(Data extract begins)

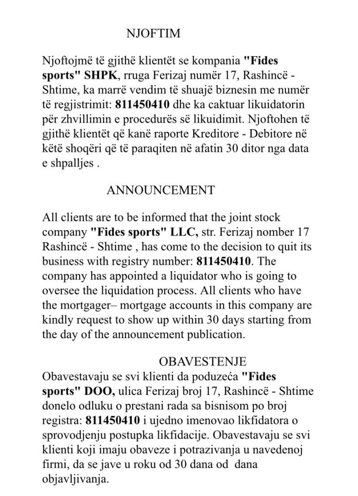 Kompania “Fides sports” – likuidim, 17.05.2023 17 maj 2024 | 17:45 Lajme të sponsorizuara Të Fundit 20 tetor16:35 Shpallje e pavlefshme nga Isan Šerifi B.I 20 tetor15:27 Shpallje e pavlefshme nga Agim Osmanaj 20 tetor11:14 Shpallje e pavlefshme nga Shigjeta Shkodra 20 tetor10:17 Shpallje e pavlefshme nga Erisa Peci 18 tetor23:08 Shpallje e pavlefshme nga Nepe Krasniqi 18 tetor23:04 Shpallje e pavlefshme nga Blina Kryeziu
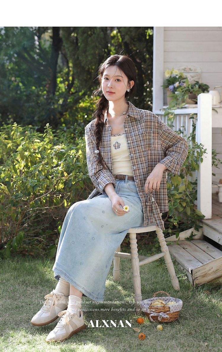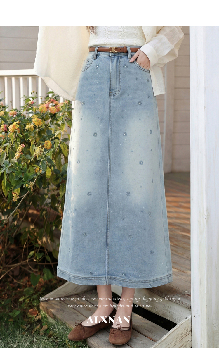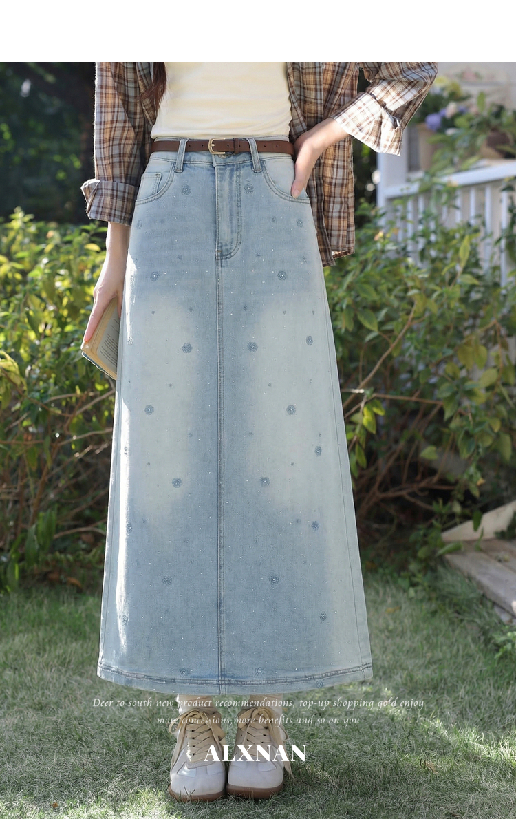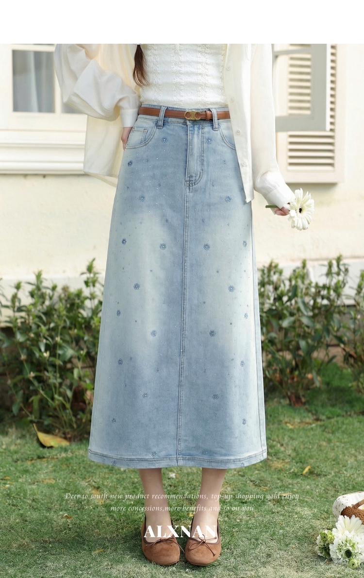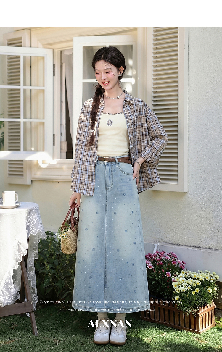 鹿向南「青枝绾裾」蓝色半身裙女夏新款时尚印花设计中长款A字裙
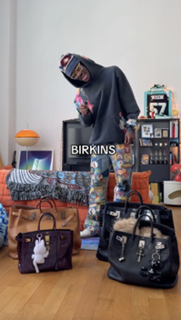 Last but certainly not least, the real star of the show: his Hermès Birkin collection. Kaye owns several Birkins, so we’re breaking them down one by one based on our best estimated identification.
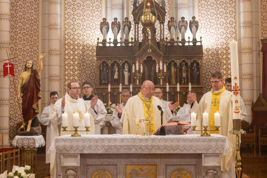 Húsvétvasárnap az ünnepi szentmisét Fekete Szabolcs Benedek segédpüspök mutatta be a szombathelyi székesegyházban.
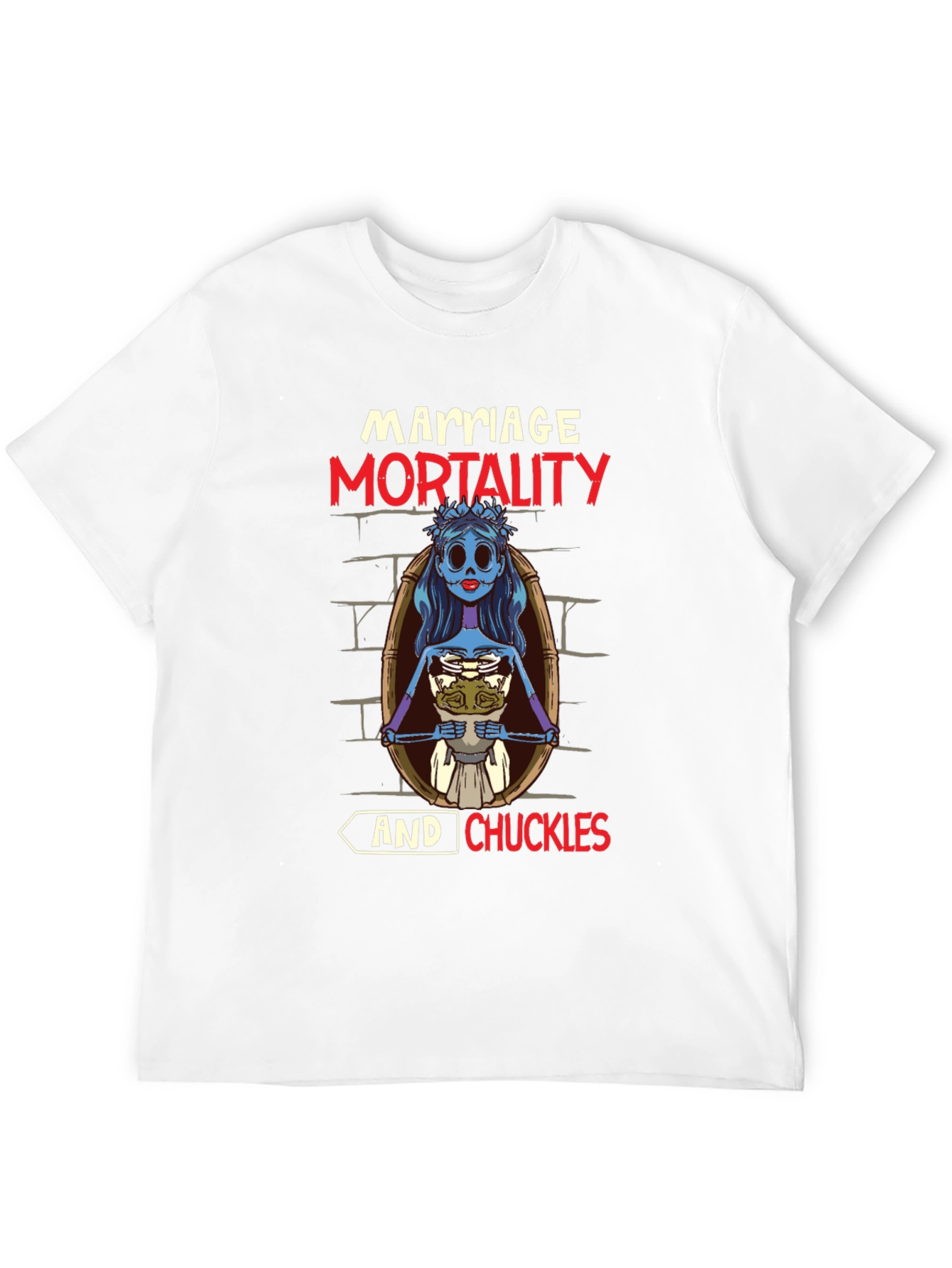 This black T-shirt features a captivating graphic design that's sure to spark conversation. The central image showcases a stylized, skeletal bride figure set against a faux brick wall backdrop. Above the bride, the words "Marriage Mortality" are printed in contrasting fonts, while "And Chuckles" sits below, creating a playful yet macabre theme. Made from what appears to be soft, comfortable cotton, this tee is perfect for casual wear. The print has a slightly distressed, vintage feel. It's ideal for those with a dark sense of humor, fans of gothic art, or anyone looking to add a unique piece to their wardrobe. Wear it to social gatherings, themed parties, or simply as an everyday statement piece.

(Data extract ends)

> [Your objective]:
Print the lines from the beginning of the records up to and including the line containing "Húsvétvasárnap az ünnepi", word for word, with no pictures.

> [Output for this task]:
 Kompania “Fides sports” – likuidim, 17.05.2023 17 maj 2024 | 17:45 Lajme të sponsorizuara Të Fundit 20 tetor16:35 Shpallje e pavlefshme nga Isan Šerifi B.I 20 tetor15:27 Shpallje e pavlefshme nga Agim Osmanaj 20 tetor11:14 Shpallje e pavlefshme nga Shigjeta Shkodra 20 tetor10:17 Shpallje e pavlefshme nga Erisa Peci 18 tetor23:08 Shpallje e pavlefshme nga Nepe Krasniqi 18 tetor23:04 Shpallje e pavlefshme nga Blina Kryeziu
 鹿向南「青枝绾裾」蓝色半身裙女夏新款时尚印花设计中长款A字裙
 Last but certainly not least, the real star of the show: his Hermès Birkin collection. Kaye owns several Birkins, so we’re breaking them down one by one based on our best estimated identification.
 Húsvétvasárnap az ünnepi szentmisét Fekete Szabolcs Benedek segédpüspök mutatta be a szombathelyi székesegyházban.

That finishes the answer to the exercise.